Lou Patten was also asked where the funding for the required 25% increase in GPs and other staff increases would come from, together with the money needed for surgery relocations.  She was also asked for evidence that there was a planned approach for a sustainable integration of health and social care – and was the CCG prepared to share in that plan? Louise Patten responded that the intention of the Plan was to be reiterative, that there was no end point and the CCG would continue to build on it. There was a need to understand local health and social care needs, the needs of the local workforce and rurality issues, in order to undertake a realistic way forward. She recognised that there was a substantial amount of work to do in the future. Julie Dandridge added that there would be a need to visit practices, talk to the GPs and the other workforce. Currently there was nothing concrete. Preliminary discussions were taking place with PPG’s and the public and the CCG could start to build a plan arising from these discussions.

 

Lou Patten confirmed that patients in the Deer Park Surgery who had not re-registered with another surgery would now be allocated to other practices.  The CCG had undertaken a large amount of work to ensure a safe transfer by the end of March 2018 to another practice, in recognition of its duty to ensure these patients were safe and had access to important screening and immunisation processes. Moreover, other services such as those that were subject to referral to Social Care, were based on GP registration. Julie Dandridge gave her guarantee that if there was a need to allocate patients in the future, then those patients would be allocated automatically according to their choice if given.
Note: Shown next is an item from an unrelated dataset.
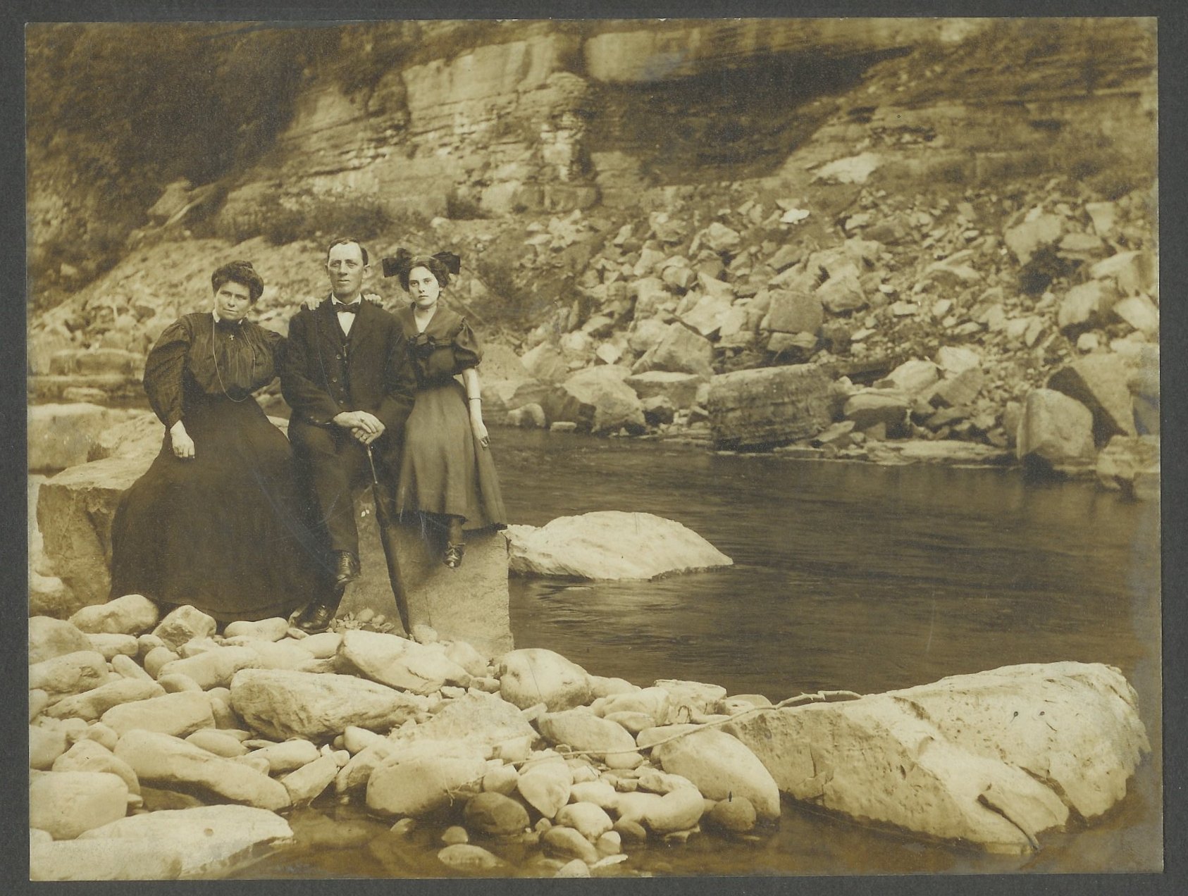 The father's umbrella and multiple gold rings, and the daughter's gold bracelet are nice touches in this wonderful picture. Obviously Victorian-era hikers were made of sturdier stuff than we are today... but maybe not. A few years ago Amy and I were visiting Bryce Canyon and we went on an afternoon hike along one of the longer trails. We'd been hiking in the back country of southern Utah the week before, and so we automatically put on our big hiking boots, and carried our backpacks with snacks and plenty of water. You're unlikely to get into too much trouble in Bryce, but hey, why take chances? Toward the end of the hike, on the way up, out of the canyon, we passed a group of French women tourists on their way down. They were all immaculately dressed and coifed, and many were wearing fashionable black pumps. Chatting happily with each other and evidently having a grand time, they could just as easily have been walking down 5th Avenue in New York. As we trudged by them in our boots and backpacks, we felt terribly over-dressed. Maybe it's all just a state of mind...

She stressed that patients still had a choice to leave the practice that they were allocated to and to re-register elsewhere in the locality. This issue had formed part of the learning going forward.

 

In response to an enquiry about whether Phase 2 of the Transformation Plan would emerge in the near future as more localities worked out their requirements for primary care services, or whether accountable care systems would replace this concept, Lou Patten responded that the term ‘Integrated Care Systems’ would replace ‘Accountable Care’ which was American in origin. She added that there were no plans for this as yet and in order to embark on Phase 2 of the Programme, it would be necessary to reflect on and learn the lessons from Phase 1 first – and in particular in light of the CQC report findings. She confirmed also that there were no current plans to consult. She explained that the STP was in existence to help Health to think about how to embark on what was required to meet the needs of larger populations in localities, such as how to tackle workforce issues by, for example, upskilling staff and making changes to training needs.

 

In response to questions from some members about whether the CCG was confident with the way in which it was going about the changes to GP services, Lou Patten stated that one of the things that the OCCG did in its role as commissioner when dealing with Bicester and Banbury Health Centres was to give clear statements that local providers would need to work together with other providers in order to ensure a satisfactory outcome from the changes.

 

At the close of the discussion, the Chairman, on behalf of the Committee thanked Lou Patten, Catherine Mountford and Julie Dandridge for their attendance. The Committee, whilst acknowledging that the plan was an iterative process AGREED to request the CCG to take the following actions:

 

(a)  produce a response to the recommendations made by NHS England in their review of engagement on the West Locality Place Based Plan;

(b)  report back to the Committee on actions taken in response to meetings it had undertaken with stakeholders in West Oxfordshire; and

(c)  update the Committee at its next meeting on 19 April meeting about expectations in relation to the next part of the Transformation Programme -  and to request the submission of a detailed plan in the future.